Records from a data source
BEGIN

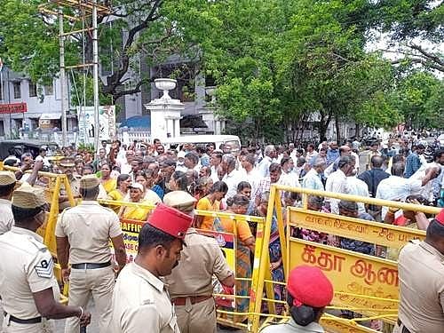 இந்நிலையில், 4-ஆம் நாளான வியாழக்கிழமை 12.30 மணியளவில் மாவட்ட ஆட்சியர் அலுவலகத்தை முற்றுகையிட்டு போராட்டம் நடத்தினர். ஆட்சியரகத்துக்கு செல்ல முடியாத வகையில் போலீசார் தடுப்புகளை அமைத்திருந்ததால், அங்கேயே மறியலில் ஈடுபட்டனர்.
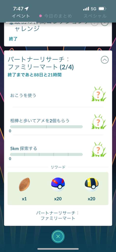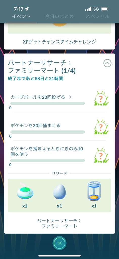 - リサーチタスク、ゲットできる道具とXPは全パートナー共通(ポケモンは異なる)
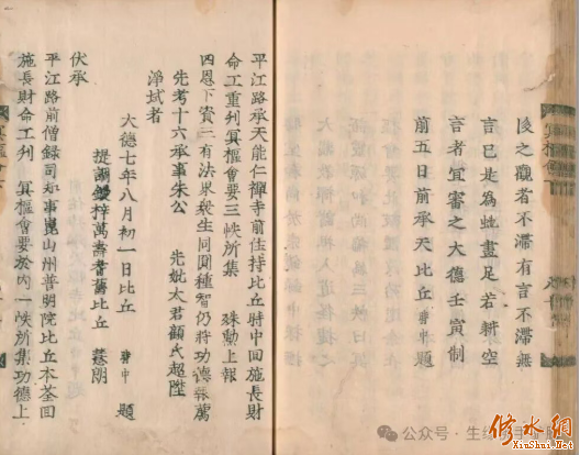 ![]() 译意:晦堂和尚从《宗镜录》中选取了大藏经、禅宗诸祖入道的捷径之语,灵源和尚将其编为三册,命名为《冥枢要集》。然而,这些版本的刻板已经湮没已久,难以寻觅。我在僧众中生活了五十年,一直想要阅读全本却无法得到。直到大德辛丑(1301年)冬天,我终于在福州隆藏主处找到一个版本,并进行了详细对照,发现毫无错误。于是,我决定重新刊印,使其成为不朽的传承。后世的读者在阅读时,不应执着于文字,也不应执着于无文字。这已经是画蛇添足之举,如果再空谈理论,就更应该谨慎了。 元朝大德壬寅年(1302年)制前五日承天寺比丘时中题 |
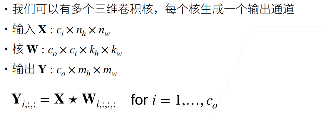 - $c_o$ 个输出通道对应 $c_o$ 个不同的三维卷积核。
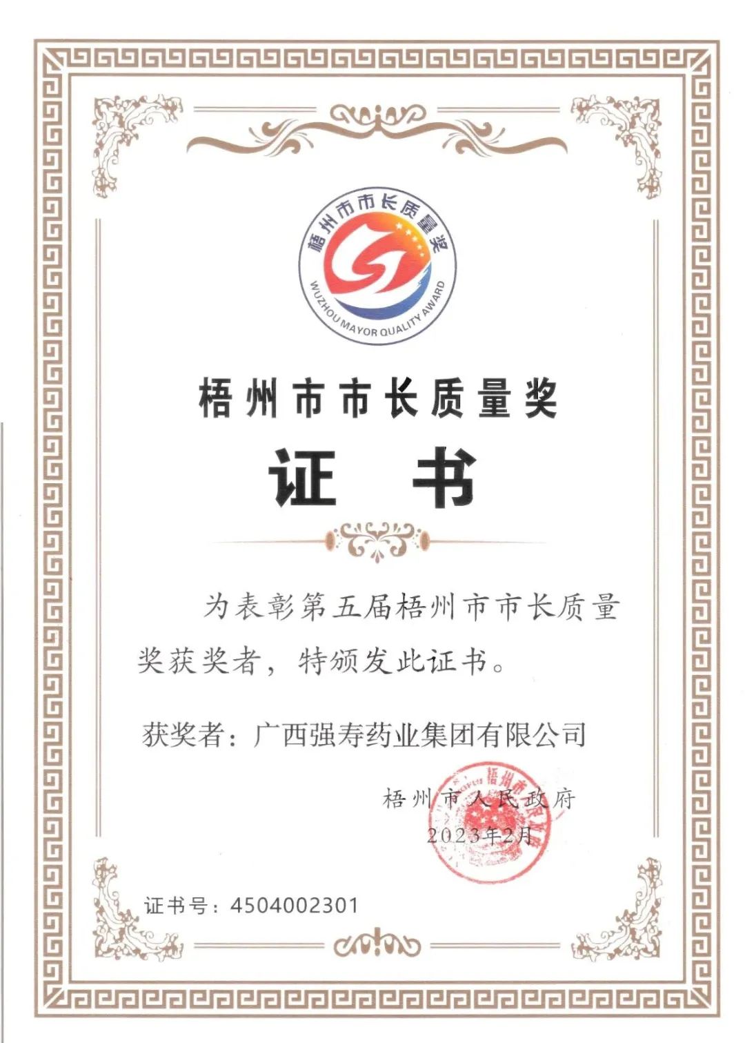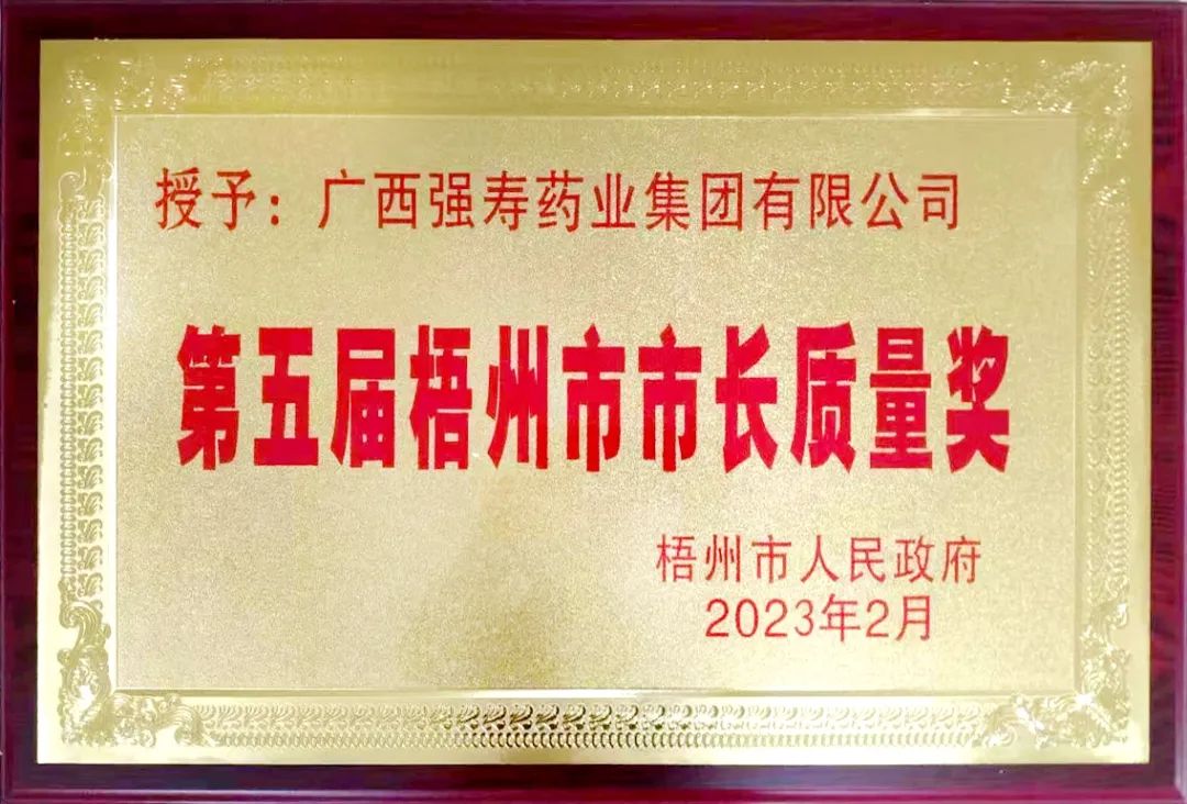 【喜訊】熱烈祝賀強(qiáng)壽集團(tuán)榮獲第五屆梧州市市長質(zhì)量獎
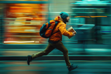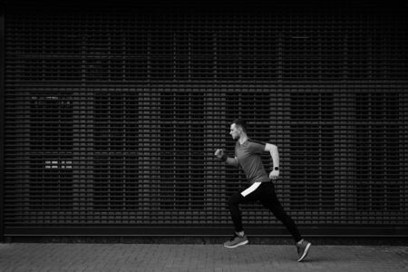 Man in sportwear running. Mixed media
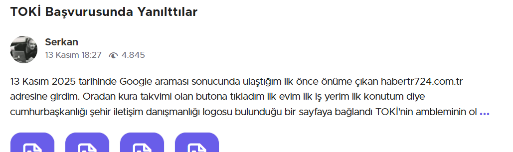 Siber güvenlik uzmanları, kamu projeleri gibi yüksek ilginin olduğu dönemlerde dolandırıcılık girişimlerinin arttığını hatırlatarak şu uyarılarda bulunuyor: “Resmi işlemler için sadece TOKİ’nin kendi alan adını (toki.gov.tr) kullanın. Google reklamı yoluyla açılan bağlantılara karşı dikkatli olun. TOKİ’den hiçbir zaman ödeme, kart bilgisi veya özel doğrulama bilgisi istenmez. Şüpheli durumlarda e-Devlet’ten doğrulama yapılmalı.”
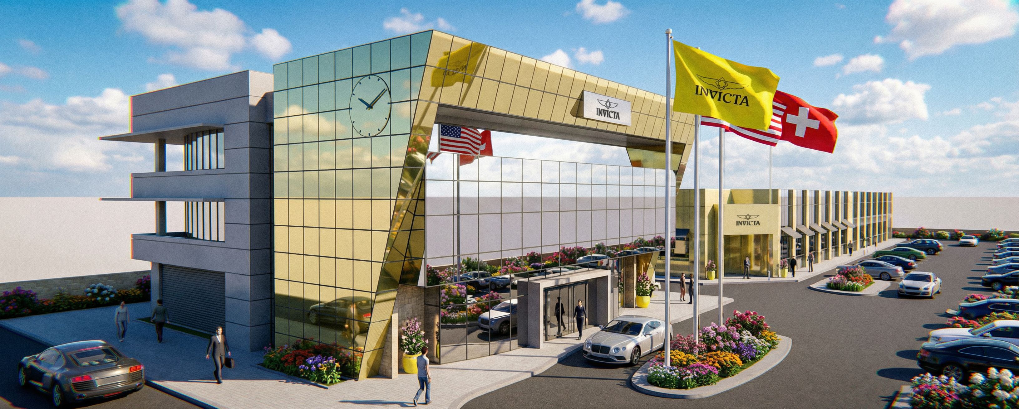 EXTERIOR CON CIELO AZUL Y ALGUNAS NUVES, VEHICULOS ESTACIONADOS , GENTE CAMINANDO, FLORES EN LAS AREAS DE JARDINES. ADEMAS DE LA BANDERA DE INVICTA MOSTRAR LA BANDERA DE ESTADOS UNIDOS Y DE SUIZA, FACHADA DEL EDICIO EN VIDRIO ESPEJO , keep exact camera angle
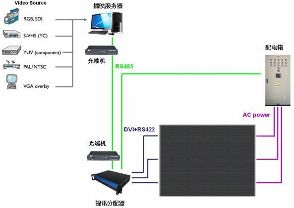 LED顯示配電系統,通常情況下顯示屏用電功率≤5kw可采用 AC 220V,即單相三線制供電;通常情況下屏體總用電功率≥5kw建議采用 AC 380V,即三相四線制或三相五線制供電。
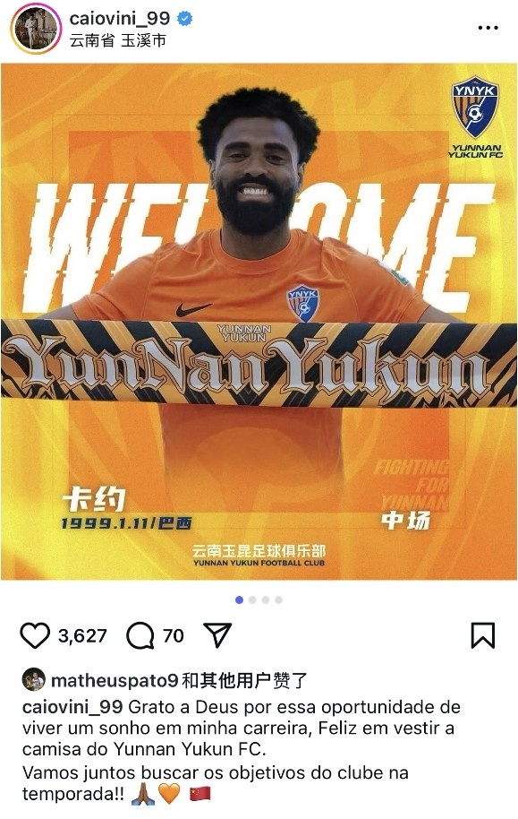 直播吧1月6日讯正式加盟云南玉昆后,巴西外援卡约更新社媒,表达了自己的加盟感言。

END

Your assignment:
Work from the entries above. Set down exactly and only the lines from the line with "- リサーチタスク、ゲットで" to the line with "Man in sportwear running. Mixed media", both included, and leave the pictures out.

Exercise response:
 - リサーチタスク、ゲットできる道具とXPは全パートナー共通(ポケモンは異なる)
 ![]() 译意:晦堂和尚从《宗镜录》中选取了大藏经、禅宗诸祖入道的捷径之语,灵源和尚将其编为三册,命名为《冥枢要集》。然而,这些版本的刻板已经湮没已久,难以寻觅。我在僧众中生活了五十年,一直想要阅读全本却无法得到。直到大德辛丑(1301年)冬天,我终于在福州隆藏主处找到一个版本,并进行了详细对照,发现毫无错误。于是,我决定重新刊印,使其成为不朽的传承。后世的读者在阅读时,不应执着于文字,也不应执着于无文字。这已经是画蛇添足之举,如果再空谈理论,就更应该谨慎了。 元朝大德壬寅年(1302年)制前五日承天寺比丘时中题 |
 - $c_o$ 个输出通道对应 $c_o$ 个不同的三维卷积核。
 【喜訊】熱烈祝賀強(qiáng)壽集團(tuán)榮獲第五屆梧州市市長質(zhì)量獎
 Man in sportwear running. Mixed media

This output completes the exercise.